42 patients infected by P. falciparum were enrolled, and 38 fullfilled criteria for per protocol analysis. Only six of 38 (16%) showed a response consistent with senstivity to chloroquine. 25 of 32 failures were confirmed resistant by demonstrating chloroquine levels on day of recurrence exceeding the minimally effective concentration (200 ng/mL whole blood). The 28-day cumulative incidence of resistance in P. falciparum was 68% (95% CI: 0.5260 - 0.8306). Thirty one patients infected by P. vivax were enrolled, and 23 were evaluable for per protocol analysis. 15 out of 23 (65%) subjects had persistent or recurrent parasitaemia. Measurement of chloroquine levels confirmed all treatment failures prior to Day-15 as resistant. Beyond Day-15, 4 of 7 recurrences also had drug levels above 100 ng/mL and were classified as resistant. The 28-day cumulative incidence of chloroquine resistance in P. vivax was 43% (95% CI: 0.2715 - 0.6384).

Conclusion

These findings confirm persistantly high levels of resistance to chloroquine by P. falciparum in southern Sumatra, and suggest that high-grade and frequent resistance to chloroquine by P. vivax may be spreading westward in the Indonesia archipelago.

Background

Plasmodium falciparum and Plasmodium vivax each cause an estimated one to two million cases of malaria in Indonesia each year (SEARO). In 2004, the Ministry Health of Indonesia abandoned chloroquine as first-line treatment for P. falciparum and adopted artemisinin-based combination therapy (ACT). Evidence of high levels of chloroquine resistance by P. falciparum from various areas of Indonesia drove this decision [17].

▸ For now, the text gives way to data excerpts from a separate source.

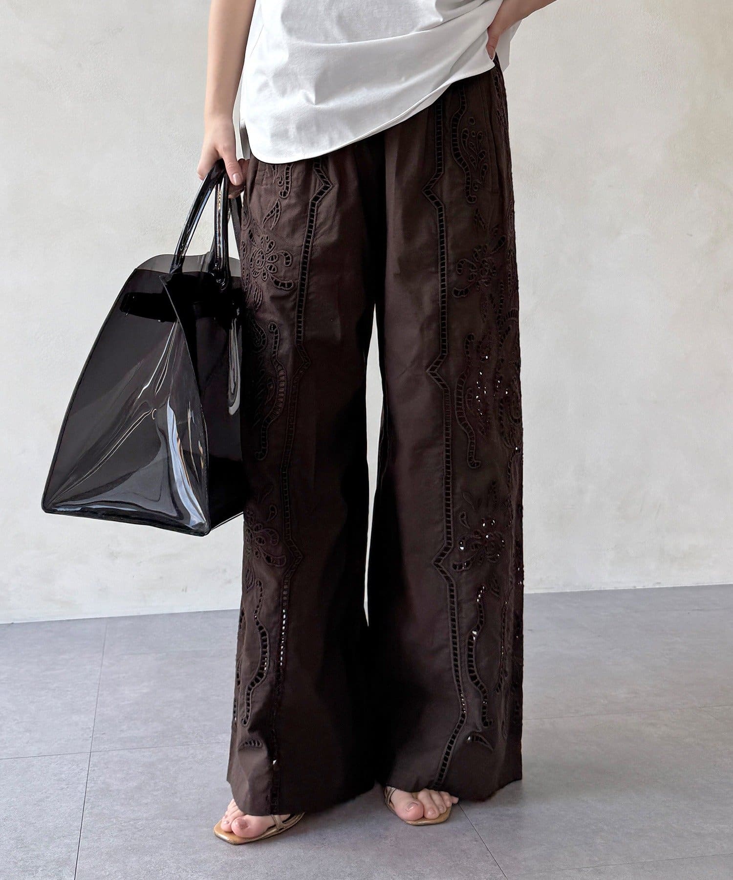 刺繍レースコットンパンツ
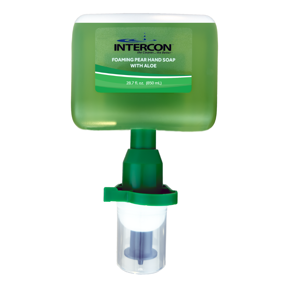 Intercon’s Foaming Pear Hand Soap with Aloe offers a liquid foaming formula that is dispensed as foam when used with our refillable foaming dispensers. Our mild and gentle formula is built with aloe to keep hands feeling soft and clean while emitting a subtle pear fragrance.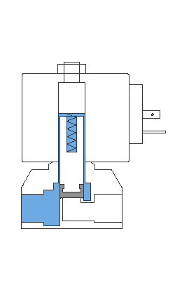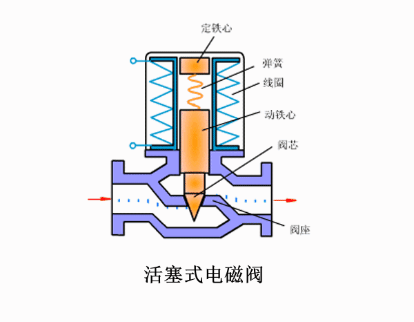 活塞式电磁阀的线圈通电后由于吸力作用,动铁芯下移,把副阀阀塞压下,副阀关闭,主阀阀杯内压力上升,当压力升到一定值时,主阀阀杯的上下压差一样,由于电磁力作用,动铁芯失去主阀阀杯下,压紧主阀阀座,阀门关闭。断电时,电磁吸力为零,副阀阀塞和支铁芯由于弹簧的作用向上提起,副阀打开,主阀阀杯上的流体经副阀流走,减少了作用在主阀阀杯上的压力,当主阀阀杯上的压力减少到一定值时,利用压差将主阀阀杯推起,主阀打开,介质流通。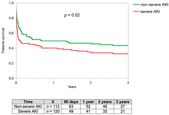 Patients survival was assessed in the set of 232 included patients. At three years, survival was 38% in our series. The three years survival was 43% in the non-severe AKI group and 32% in the severe AKI group with statistical difference (p = 0.02) (Figure 2).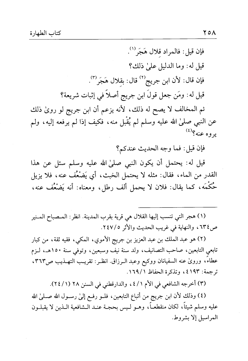 فإن قال: لأن ابن جريج قال: بقلال هجر.
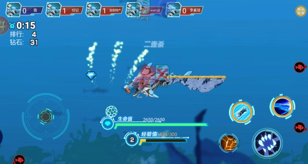 1、一进入就能变身为机械鲨,在深海世界开启紧张刺激的求生大冒险。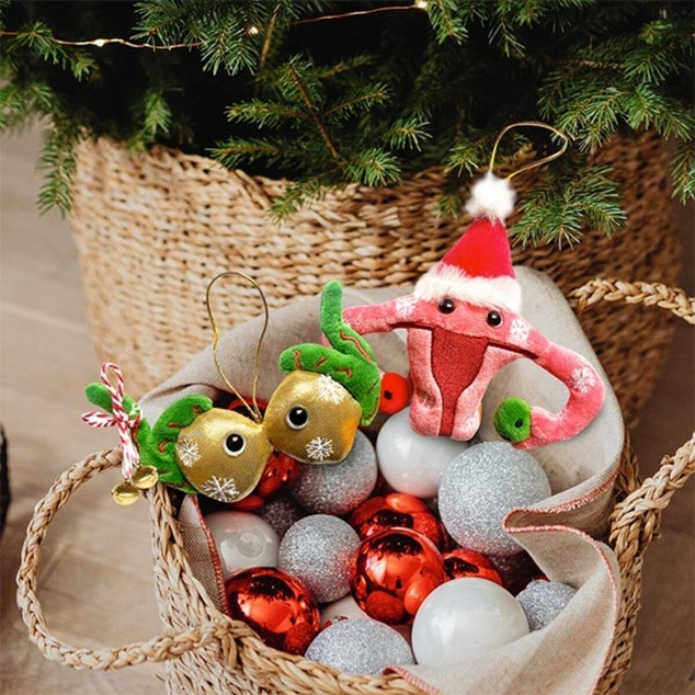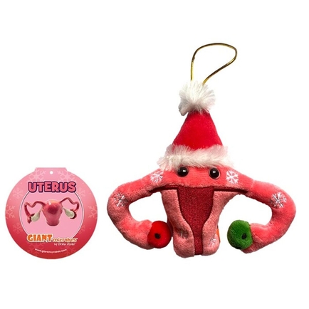 Deck the halls with microbes! Our Uterus ornament is festively dressed up for the holidays! Adorned with embroidered snowflakes, a Christmas hat and red and green ovaries. Includes gold loop for hanging on the tree.
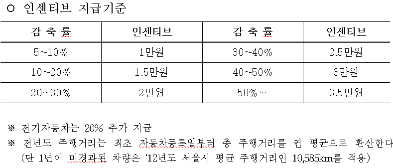 기존보다 자동차를 덜타 주행거리를 감축하면 감축률에 따라 6개월간 최대 3만5천원까지 인센티브를 준다.

In contrast, high levels of chloroquine-resistant P. vivax were reported only in hyper- to holoendemic West Papua in the eastern part of Indonesia [6, 810]. Even though evidence of this problem first appeared nearly 20 years ago, chloroquine remained the front-line therapy for vivax malaria. However, in 2007 the Ministry of Health adopted ACT for vivax malaria in some parts of West Papua in far eastern Indonesia. Evidence from the western islands of Indonesia between 1992 until 1998, revealed relatively low risk (approx. 10%) of chloroquine- resistant P. vivax[3, 1115]. Nonetheless, in 2008 national treatment policy was changed to apply artesunate-amodiaquine as first-line therapy for vivax malaria throughout Indonesia. However, that policy applies only to confirmed vivax malaria, and cases diagnosed clinically still receive chloroquine or sulphadoxine/pyrimethamine as first-line therapy. Moreover, widespread over-the-counter trade in chloroquine may persist even longer. Thus, although this study was undertaken prior to recent changes in malaria therapy policy, the findings nonetheless bear upon persisting contemporary treatment practices.

Methods

Study location

The study was conducted from June to September 2002 at Hanura Health Center in Lampung Province, southern Sumatra. This health center covers a population resident between 105° - 106° eastern longitude and 5° - 6° southern latitude at the southern-most tip of Sumatra island. Shrimp farming represented a major economic activity and the ponds used in this industry, when neglected and overgrown with algal mats, created breeding sites for Anopheles sundaicus, an efficient and important malaria vector in the region [16]. The rainy season in southern Sumatra occurs from September until April, whereas the rest of the year is relatively dry. Pribadi et al first reported chloroquine-resistant P. falciparum from this area in 1981 [2]. The health center was nonetheless using chloroquine for first-line treatment of both falciparum and vivax malaria at the time of this study.

Study subjects

A protocol detailing the work reported here was reviewed and approved by the Ethics Committee of the Faculty of Medicine, University of Indonesia. Patients with fever or history of fever in the last 48 hours were screened for mono- infection by P. falciparum or P. vivax based on microscopic examination of Giemsa-stained thick blood films. Inclusion criteria for either infection was age ≥ 1 year, parasite count ≥ 1,000 asexual parasites/μL blood and patients willing to sign informed consent. The exclusion criteria were mixed infection of plasmodia, pregnancy (HCG urine test), complicated or severe malaria, or history of drug allergies. Qualified patients provided informed consent and were enrolled in the study.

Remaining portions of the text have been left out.